After the law was signed, Shaker said officials crunched numbers to figure out how much implementing the new minimum wage standard would cost the library. They realized they couldn’t afford to keep all their staff.  

“Rather than working through the incremental steps knowing we’d have to eliminate the position anyway, the library board decided it would be best to immediately implement the $15 dollar minimum wage and eliminate the position of page from our staffing structure,” Shaker said in an email. 

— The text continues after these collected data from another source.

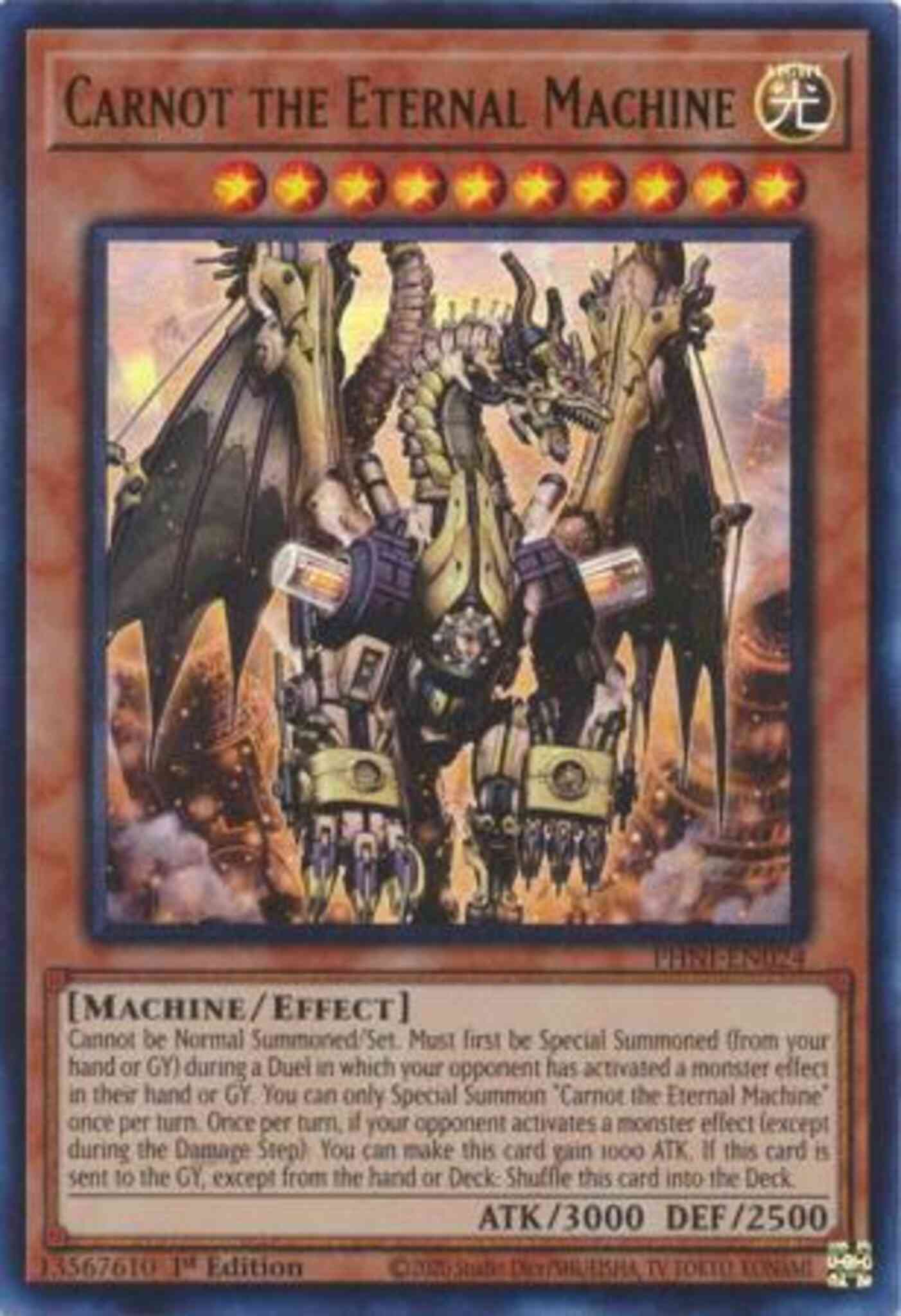 Card Text: Cannot be Normal Summoned/Set. Must first be Special Summoned (from your hand or GY) during a Duel in which your opponent has activated a monster effect in their hand or GY. You can only Special Summon "Carnot the Eternal Machine" once per turn. Once per turn, if your opponent activates a monster effect (except during the Damage Step): You can make this card gain 1000 ATK. If this card is sent to the GY, except from the hand or Deck: Shuffle this card into the Deck.
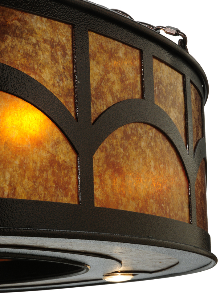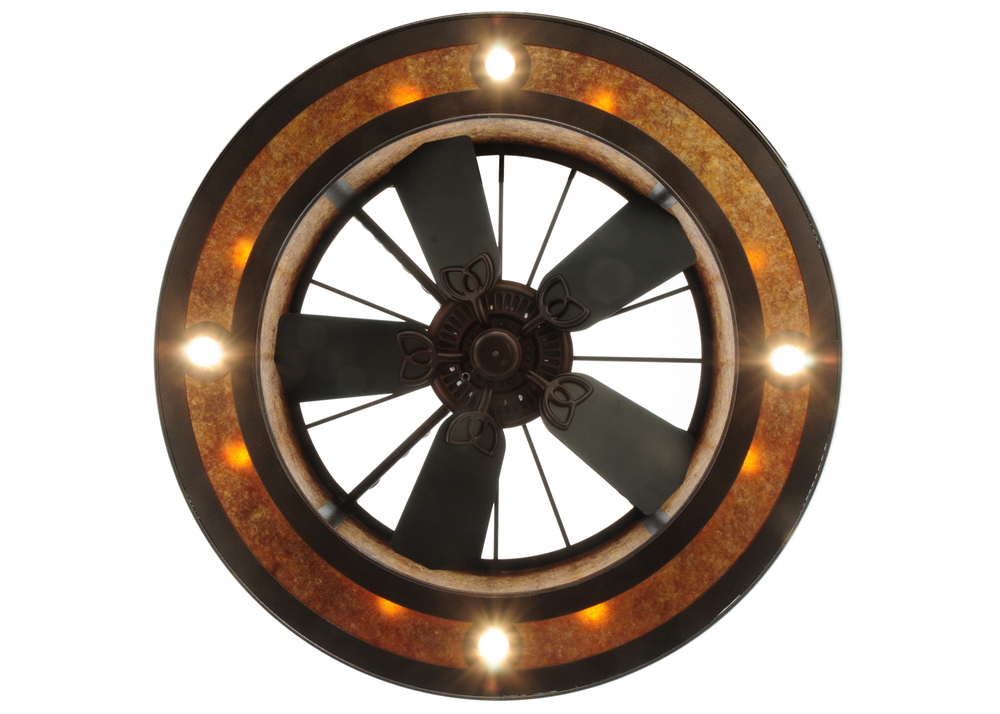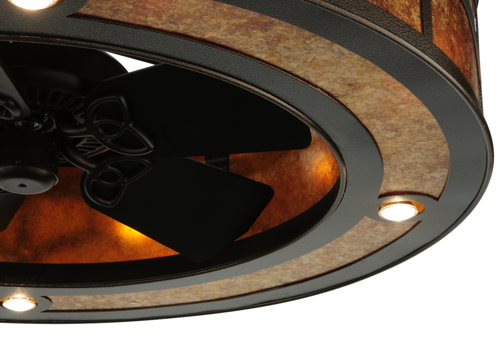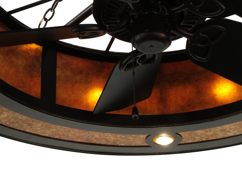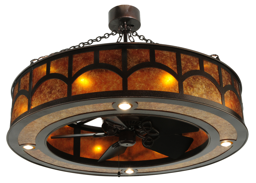 A fan-tastic; energy efficient decorating idea for a home; retail or hospitality location; this unique custom crafted Chandel-Air is accentuated with an abstract hilltop design on stunning Amber Mica. The diffuser is complemented with hardware and accents featured in a Copper Vein finish. This modern marvel includes eight inner lights for decorative illumination; four uplights that provide ambience; and four downlights for task lighting. This fixture is handcrafted by Meyda artisans at the foothills of the Adirondack Mountains. In summer; the fan pushes down a windchill that circulates to keep the space cool and comfortable. In winter; the fan is reversed to pull the room air up towards the ceiling and force the warm air back down and circulate to create warmth. Custom sizes; styles and colors; as well as dimmable energy efficient lamping options; are offered.
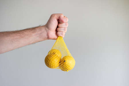 Fresh ripe yellow lemons in a bag held in hand by Caucasian male hand. Isolated studio shot.
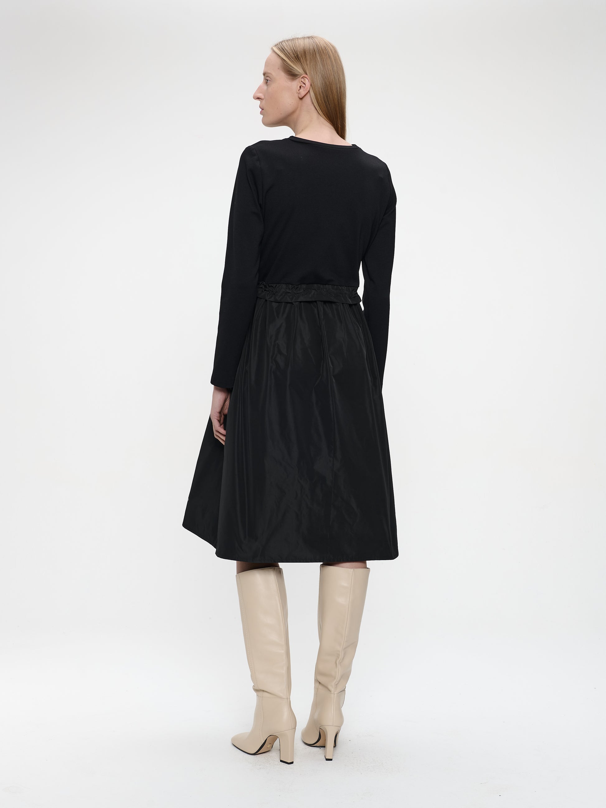 Blending texture and structure, the Ester Mix Cotton Taffeta Dress offers a fresh take on daywear. The upper part features a soft viscose-blend jersey, while the skirt is crafted from lightweight taffeta that adds subtle volume and sheen. A braided waistband and tonal chest pocket complete the look — stylish and effortless for both casual outings and polished settings.
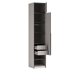 В детской между кроватью и компьютерным столом осталось немного места, и мы заказали этот шкаф, очень удачно вошёл. И по цвету (мы выбрали светлый) почти совпал с остальной мебелью. На пять вместительных полок разложили домашнюю одежду сына, а для школьной у нас отдельный шкаф. По качеству и цене нас всё устроило.

The library cut four pages, who are individuals responsible for reshelving materials after they are checked in, making sure items are not misshelved, and straightening book cases. The staffing change became effective on May 1, at the beginning of the library’s 2020 fiscal year. The library’s budget for fiscal 2020 is $1,941,784 — excluding the budget for its interior renovation, which the library is funding through savings from previous years. There are 26 total employees at the library, and 10 are paid minimum wage. Forty-nine percent of its budget goes toward staff salaries.

Shaker said the library gave pages more than four weeks’ notice of the change, provided them with letters of recommendation for future employers and told them they could be prioritized for future openings at the library. All four left the library earlier than expected, Shaker said. Their duties are now being assumed by Patron Services associates. 

“We have been operating without pages for approximately three months and have not experienced a slowdown in the speed at which materials are being re-shelved,” Shaker said. “Our library associates have really risen to the challenge that this change presented, and we don’t feel that patrons have noticed a change in services or standards as a result.”

For Forest Parkers who want to support the library, Shaker said they can donate, support fundraising initiatives, be gentle with the library’s materials and facility, and pay their taxes on time. 

“The best way to support the library is to use it,” she said.